이번에 대용량 csv파일을 조회해야 할 일이 생겼다.
pandas로 하기에 용량이 매우 컸다.
단기 프로젝트로 간단하게 해결해 볼 계획이다.
방식은 spark thrift를 띄워
hive에 external table을 만들고
spark에서 제공하는 ansi sql을 사용는 것이다.
/data
|-- year=2023
| |-- month=1
| | |-- day=1
| | | |-- data1.csv
| | | |-- data2.csv
| | |-- day=2
| | |-- data3.csv
|-- year=2024
|-- month=3
|-- day=15
|-- data4.csv
docker pull ubuntu
docker run -ti \
-p 10000:10000 \
-v /data:/data
--name spark \
ubuntu /bin/bash
mkdir spark
cd spark
wget https://archive.apache.org/dist/spark/spark-3.2.3/spark-3.2.3-bin-hadoop2.7.tgz
tar xvf spark-3.2.3-bin-hadoop2.7.tgz
rm spark-3.2.3-bin-hadoop2.7.tgz
vi ~/.bashrc
export SPARK_HOME=/spark/spark-3.2.3-bin-hadoop2.7
export PATH=$PATH:$SPARK_HOME/bin:$SPARK_HOME/sbin
source ~/.bashrc
start-thriftserver.sh
CREATE DATABASE [database name];
CREATE external TABLE user_logs (
id integer,
name string,
email string,
age integer
)
ROW FORMAT DELIMITED
FIELDS TERMINATED BY ','
LINES TERMINATED BY '\n'
STORED AS TEXTFILE
LOCATION '/data/rems'
PARTITIONED BY (year INT, month INT, day INT)

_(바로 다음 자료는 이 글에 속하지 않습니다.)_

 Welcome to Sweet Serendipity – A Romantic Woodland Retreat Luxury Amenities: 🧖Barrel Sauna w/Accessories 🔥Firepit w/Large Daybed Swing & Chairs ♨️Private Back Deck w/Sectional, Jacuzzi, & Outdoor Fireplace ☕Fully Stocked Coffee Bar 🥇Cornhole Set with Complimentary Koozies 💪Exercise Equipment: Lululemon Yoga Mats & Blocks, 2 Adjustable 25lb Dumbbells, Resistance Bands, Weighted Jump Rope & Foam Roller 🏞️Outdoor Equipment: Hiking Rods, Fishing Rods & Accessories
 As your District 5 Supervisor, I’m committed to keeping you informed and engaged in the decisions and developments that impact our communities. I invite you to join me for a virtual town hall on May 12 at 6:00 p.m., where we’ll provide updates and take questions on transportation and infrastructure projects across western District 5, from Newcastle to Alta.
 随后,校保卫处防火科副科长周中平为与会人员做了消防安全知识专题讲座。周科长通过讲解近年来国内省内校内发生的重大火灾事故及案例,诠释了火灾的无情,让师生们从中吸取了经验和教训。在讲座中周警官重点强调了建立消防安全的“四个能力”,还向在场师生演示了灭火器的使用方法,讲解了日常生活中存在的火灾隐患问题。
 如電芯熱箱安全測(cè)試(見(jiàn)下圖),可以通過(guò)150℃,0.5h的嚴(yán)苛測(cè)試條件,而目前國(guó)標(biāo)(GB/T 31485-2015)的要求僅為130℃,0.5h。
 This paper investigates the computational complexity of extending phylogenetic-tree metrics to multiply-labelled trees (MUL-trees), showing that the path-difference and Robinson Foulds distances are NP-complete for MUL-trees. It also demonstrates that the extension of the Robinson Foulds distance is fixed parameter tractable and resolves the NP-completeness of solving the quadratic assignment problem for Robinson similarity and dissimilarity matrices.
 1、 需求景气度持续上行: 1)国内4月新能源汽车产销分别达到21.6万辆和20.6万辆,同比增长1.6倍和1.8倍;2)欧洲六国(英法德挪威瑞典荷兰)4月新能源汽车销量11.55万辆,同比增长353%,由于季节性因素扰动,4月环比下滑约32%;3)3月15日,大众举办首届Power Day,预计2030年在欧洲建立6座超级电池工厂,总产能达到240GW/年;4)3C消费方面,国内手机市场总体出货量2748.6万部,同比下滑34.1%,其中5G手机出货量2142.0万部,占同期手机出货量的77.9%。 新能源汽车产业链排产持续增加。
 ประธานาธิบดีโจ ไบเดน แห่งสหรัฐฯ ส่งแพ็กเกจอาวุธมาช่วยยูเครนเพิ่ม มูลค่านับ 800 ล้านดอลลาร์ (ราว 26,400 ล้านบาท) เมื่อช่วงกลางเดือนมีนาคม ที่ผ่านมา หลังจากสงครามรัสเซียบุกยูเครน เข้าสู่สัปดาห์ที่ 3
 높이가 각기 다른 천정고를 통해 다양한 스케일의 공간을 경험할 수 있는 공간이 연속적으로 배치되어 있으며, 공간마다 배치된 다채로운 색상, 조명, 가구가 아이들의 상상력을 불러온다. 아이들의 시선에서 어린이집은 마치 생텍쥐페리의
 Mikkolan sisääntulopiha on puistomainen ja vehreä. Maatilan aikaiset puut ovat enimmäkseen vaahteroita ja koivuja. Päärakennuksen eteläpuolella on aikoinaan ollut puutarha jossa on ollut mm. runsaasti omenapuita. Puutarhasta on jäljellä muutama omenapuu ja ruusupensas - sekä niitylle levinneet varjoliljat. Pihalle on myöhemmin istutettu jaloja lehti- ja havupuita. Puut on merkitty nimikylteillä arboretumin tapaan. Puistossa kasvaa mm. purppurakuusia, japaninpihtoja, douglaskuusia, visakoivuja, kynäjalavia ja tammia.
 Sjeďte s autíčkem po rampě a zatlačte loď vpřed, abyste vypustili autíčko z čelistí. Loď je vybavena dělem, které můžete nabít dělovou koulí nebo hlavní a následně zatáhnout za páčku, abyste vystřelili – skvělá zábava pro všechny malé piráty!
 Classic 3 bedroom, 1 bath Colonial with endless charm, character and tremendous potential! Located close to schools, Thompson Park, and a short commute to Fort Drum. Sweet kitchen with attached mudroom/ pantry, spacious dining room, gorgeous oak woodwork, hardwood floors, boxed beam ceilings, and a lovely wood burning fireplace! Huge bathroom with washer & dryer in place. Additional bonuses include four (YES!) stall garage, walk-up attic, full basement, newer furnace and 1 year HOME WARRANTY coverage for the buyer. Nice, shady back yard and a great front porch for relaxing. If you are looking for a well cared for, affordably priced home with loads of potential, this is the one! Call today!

TBLPROPERTIES ("skip.header.line.count"="1");
MSCK REPAIR TABLE user_logs;
select *
from user_logs
where year=2023
and month=5
and day=15
관련 패키지 설치
pip install pandas
pip install pyhive
pip install thrift
pip install thrift_sasl
코드
from pyhive import hive
import pandas as pd
con = hive.connect(host='localhost', port='10000', database='default')
sql = """
select *
from user_logs
where year=2018
and MONTH=1
and day=1
"""
df = pd.read_sql(con=con, sql=sql)
print(df)